In Eamon Dunphy’s autobiography The Rocky Road, Foley is the Charlton manager about to give Eamon an escape from his soured Millwall career.
“I liked Theo. He was a Dubliner: brash, extrovert, optimistic, intense, thin as a whippet, hard as nails when he played, full of sardonic humour around the dressing room. ‘What’s the story, Dunphy? Do you still want to play … or are you looking for a rest home?’ was his opening gambit.”
In Alan Smith’s recent book Heads Up, Foley is the good cop you could take a few liberties with on the Arsenal training ground, on the rare occasions George Graham didn’t take the session.
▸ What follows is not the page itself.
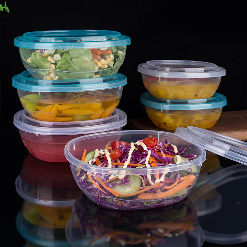 厚みのある鮮度保持ボックス、10個入り、電子レンジ対応サラダボウル、プラスチック製食品グレードのランチボックス、密封された包装箱、ファーストフードスープボウル
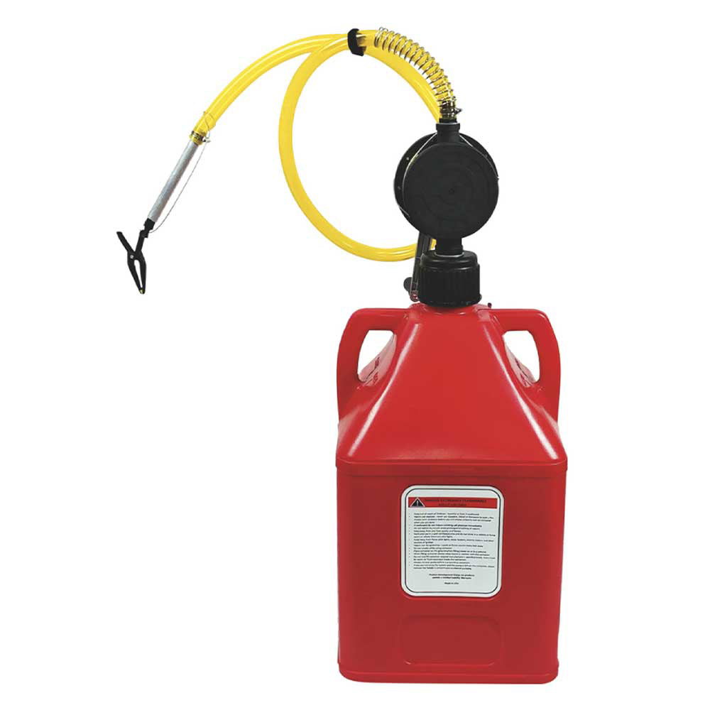 The FLO-FAST 15-Gallon Container with Pump is designed for refueling your marine, ATV, automobile or agricultural equipment. The professional model rotary hand pump will transfer up to 8 gallons per minute in either direction (pumps/draws fluid). The container is rotationally molded out of a high-density plastic material that is ultra-tough, providing long-lasting durability. The pump and container material is compatible with all types of gasoline and gasoline blends. The dual handles offer great portability when moving or transporting.

“One morning, Niall Quinn launched himself at Theo, rugby tackling his countryman during the warm-up, with both ending up at the bottom of a grassy ditch. Thankfully, Theo wasn’t the sort to get on his high horse. Both had a good laugh.”
And in A Football Man, by John Giles, Foley is the player wrongly, in Gilesy’s view, chosen in central midfield for Ireland in the World Cup playoff with Spain in 1965, an indictment of selection by committee.
Foley is another of our most enduring football men, who wove himself into the fabric of the English game over 60 years, without ever really making the story about him.
Now, after much persuasion by the ghostwriter of Theo Give us a Ball, Foley has joined some of those dots and painted a rich portrait of a life in football.
He was sacked at Charlton within a season of signing Dunphy, but not before he had smartened up the Valley touchline, sporting a three-quarter length brown leather coat he bought out of Bobby Moore’s car boot for £100.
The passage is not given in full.